Prefeito ameaça fechar rádio comunitária no interior de Minas Gerais
Prefeito ameaça fechar rádio comunitária no interior de Minas Gerais
Em Salinas, município de 37 mil habitantes no norte de Minas Gerais, a divulgação de uma notícia sobre notas fiscais superfaturadas em 355% - encontradas na prestação de contas de 2007 e denunciada por um professor local à Câmara Municipal - levou o prefeito José Antônio Prates (PTB) a protagonizar na última sexta-feira (09) um violento ataque à liberdade de expressão e de informação contra a Rádio Sal FM.
Acompanhado da advogada Cristiane Maria Ribeiro; do secretário de Obras, Joséo Elísio; de três policiais militares e do delegado Jaime Gomes da Costa, da Polícia Civil, o prefeito invadiu a emissora.
Durante a investida, quis fazer com que, na marra, os microfones da rádio fossem abertos para que ele pudesse dar explicações à população sobre as acusações contra ele, que originaram a abertura de um processo de cassação do seu mandato pela Câmara Municipal. Caso contrário, o prefeito ameaçou processar os responsáveis pela rádio e até fechá-la.

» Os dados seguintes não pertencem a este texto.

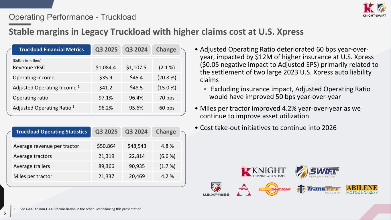 4 $1,084.4M $41.2M 96.2% ~15,400 irregular route and ~5,900 dedicated tractors $340.5M $32.1M 90.6% 177 service centers ~6,600 door count $140.4M $8.0M 94.3% Gross margin 17.8% $94.1M $0.2M 99.8% 573 tractors 12,535 containers 1 See GAAP to non-GAAP reconciliation in the schedules following this presentation 2 Excludes Trucking and LTL fuel Surcharge and intersegment transactions Q3 2025 Revenue Diversification Q3 2025 Segment Overview LTL becoming a meaningful share of business, increasing earnings diversification OTR 45% / Dedicated 17% LTL 20% Truckload 62% Lo gis tic s 8 % Inte rmo dal 5% Other 5% Revenue xFSC2 Adjusted Op Income1 Adjusted OR1 Truckload Less-than- Truckload Logistics Intermodal KNX 1.7B2
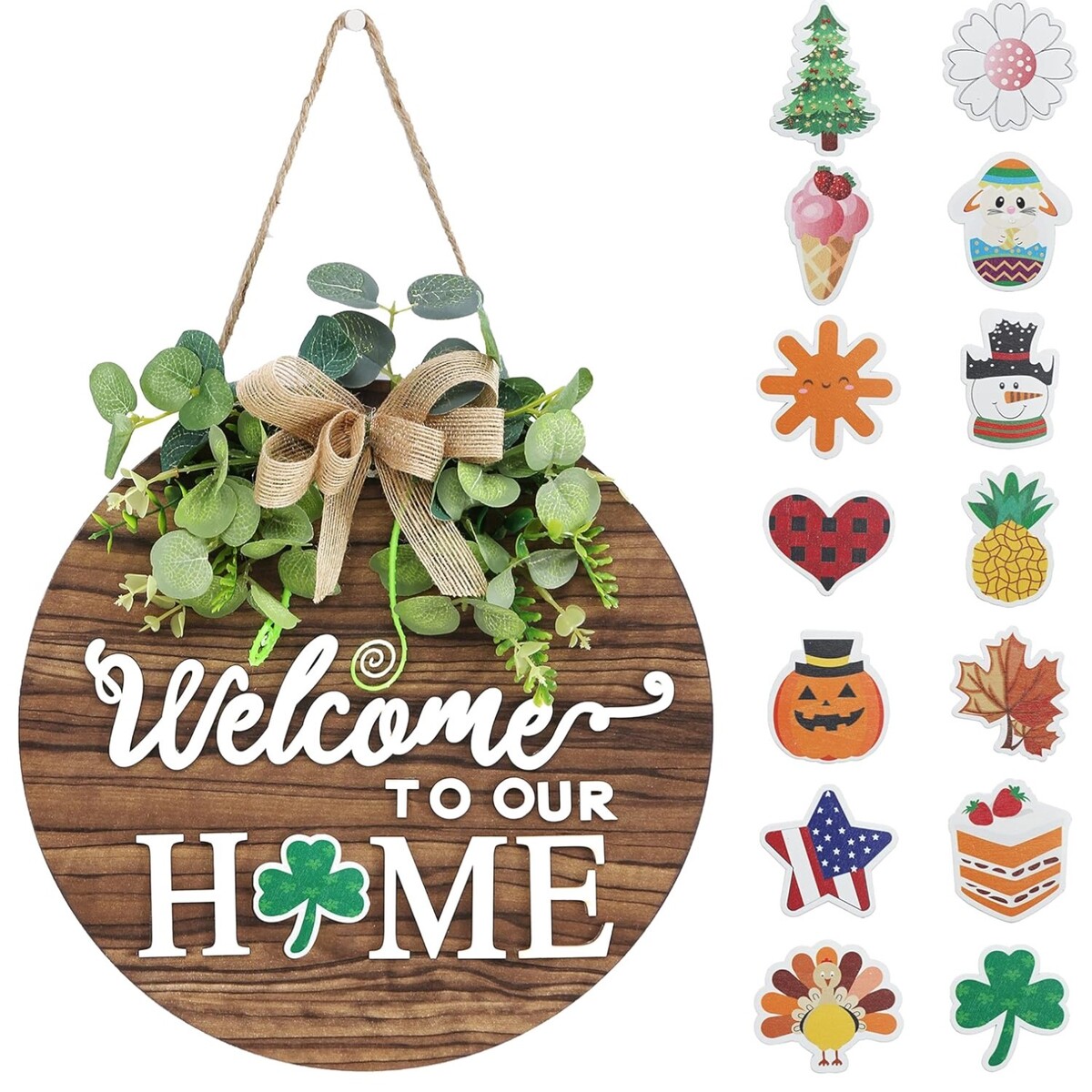 Elegant Wood Welcome Sign with Pinecones - Seasonal Wreath for -Round Charm

O presidente da rádio, Miguel Bernabé Freire, informou que vai denunciar o caso ao Ministério Público. Segundo ele, tanto a Polícia Militar quanto a Polícia Civil se recusaram a registrar boletim de ocorrência solicitado pela emissora sobre o acontecido, alegando que dependem da Prefeitura de Salinas para funcionar.
A ira do prefeito se deve a uma entrevista que a emissora divulgou no dia 6 de maio com o professor Welshman Gustavo Pinheiro, autor da denúncia encaminhada à Câmara Municipal de Salinas, sobre o uso de notas superfaturadas.
O professor também busca na Justiça a anulação da suposta aquisição de 50 banners (faixas) feita pela Prefeitura junto à empresa Grafimoc, de Montes Claros, pelo preço de R$ 6.750,00. Orçamentos feitos junto a diversas empresas do ramo indicam que os banners podiam ter sido adquiridos por R$ 1.500,00 a R$ 1.900,00.
De acordo com a nota fiscal encontrada na contabilidade da prefeitura, cada banner saiu por R$ 135,00, quando o custo unitário normalmente seria de R$ 30,00 a R$ 38,00, de acordo orçamentos realizados em outras empresas.
O dono da rádio conta que, no interior da emissora, onde entrou sem autorização judicial, o prefeito partiu para a ameaça. Acusou a emissora de tê-lo caluniado e afirmou que se a rádio quisesse continuar funcionando, teria que deixá-lo falar aos moradores naquele exato instante, caso contrário faria tudo para fechá-la.